Original Language Title: Modifica dell'autorizzazione all'immissione in commercio delmedicinale per uso umano «Estraderm MX»

Read the untranslated law here:

Retrieved determines the 2550/2014 December 2, 2014 n V & Authorization of changes C.I. 4) Changes concerning the safety, efficacy and pharmacovigilance medicines for human and veterinary use-one or more amendments to the summary of product characteristics, labelling and package leaflet after new data regarding quality, pharmacovigilance, preclinical, clinical, or relatively to the medicine ESTRADERM MX.
Authorized updating of the summary of product characteristics 4.4 4.5 4.3, 4.2, paragraphs 4.8 and corresponding sections, and leaflet concerning the medicine ESTRADERM MX, shapes and packagings A.I.C. # 031773017-' 25 mcg/day transdermal» 031773029-8 A.I.C. no band-AIDS, "50 mcg/day transdermal» 8 band-AIDS, A.I.C. # 031773031-8 «» 100 mcg/day transdermal patches.

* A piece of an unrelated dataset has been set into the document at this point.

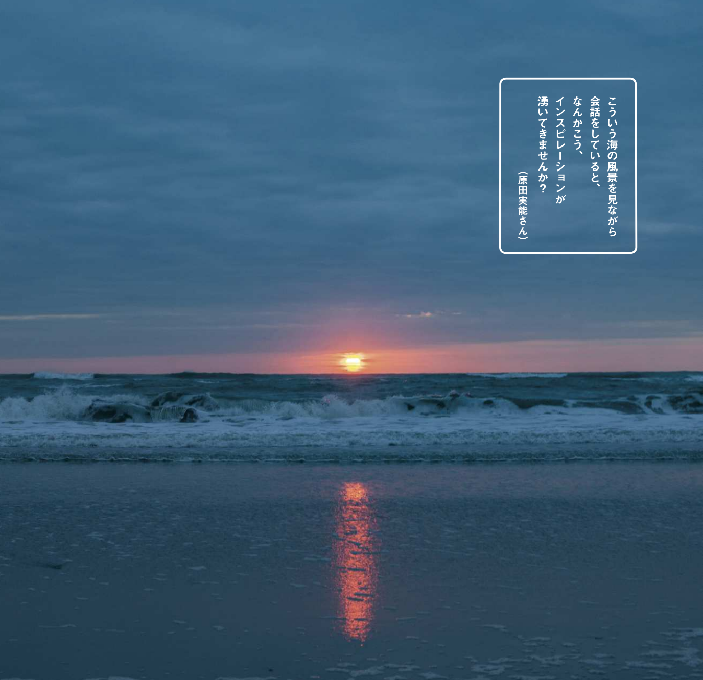
海面に映る陽の光も美しい、久慈浜海水浴場で撮影した朝日。

Handouts corrected and approved are attached to this determination.
A.I.C. holder: Novartis Pharma S.p.A. with registered office and tax domicile in largo Umberto Boccioni, 1-21040 Origgio (Varese-Italy) (fiscal code 07195130153).

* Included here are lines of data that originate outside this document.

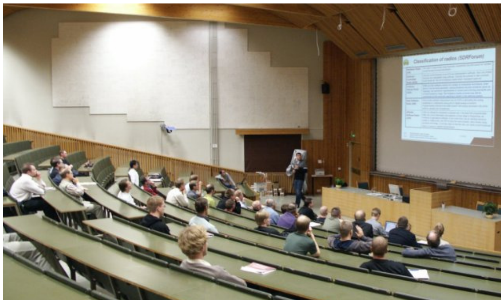
Figure B1: Kuvateksti, jossa on liitteen numerointi

Liitteissä voi myös olla kuvia, jotka eivät sovi leipätekstin joukkoon: Liitteiden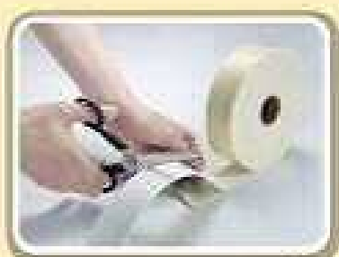
カーペット用両面テープ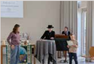
Kigo am Karfreitag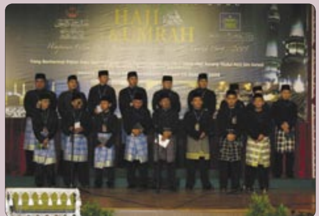
Majlis Ibadah Korban pada hari tersebut turut diserikan dengan persembahan Tausyih Selawat Ibrahimiah gabungan pegawai-pegawai Jabatan Mufti Kerajaan dan Syarikat Penerbangan Diraja Brunei.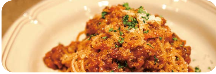
1 シェフこだわりのクラシック・ ボロネーゼ・ミートソース 1,180円 (税込1,298円)

Printed 1. The marketing authorisation holder should make the changes, after the date of entry into force of this determination, the summary of product characteristics; no later than six months from the same date the package leaflet and labelling.
2. In accordance with art. 80, paragraphs 1 and 3, of Legislative Decree no April 24, 2006. 219 and subsequent amendments and additions, the leaflet and labels must be written in Italian and, limited to medicinal products marketed in the province of Bolzano, in German. The holder of the A.I.C. avails itself of the complementary use of foreign languages, must give prior notice to the AIFA and keep available the certified translation of German texts and/or in another foreign language. In case of non-compliance with the provisions on the labelling and package leaflet shall apply sanctions under art. 82 of the aforementioned legislative decree.
Inventory disposal Both lots already products on the date of entry into force of this determination that the batches produced during the period referred to in art. 2, paragraph 1, of the present, not bearing approved changes can be kept on the market until the expiration date printed on the label of the medicine. Pharmacists are required to deliver the package leaflet updated users, from period of thirty days from the date of publication in the Official Gazette of the Italian Republic of this determination. The A.I.C. holder makes it accessible to pharmacist leaflet updated within the same timeframe.
Date of determination: from the day following that of its publication, to decompress, in Gazzetta Ufficiale della Repubblica italiana.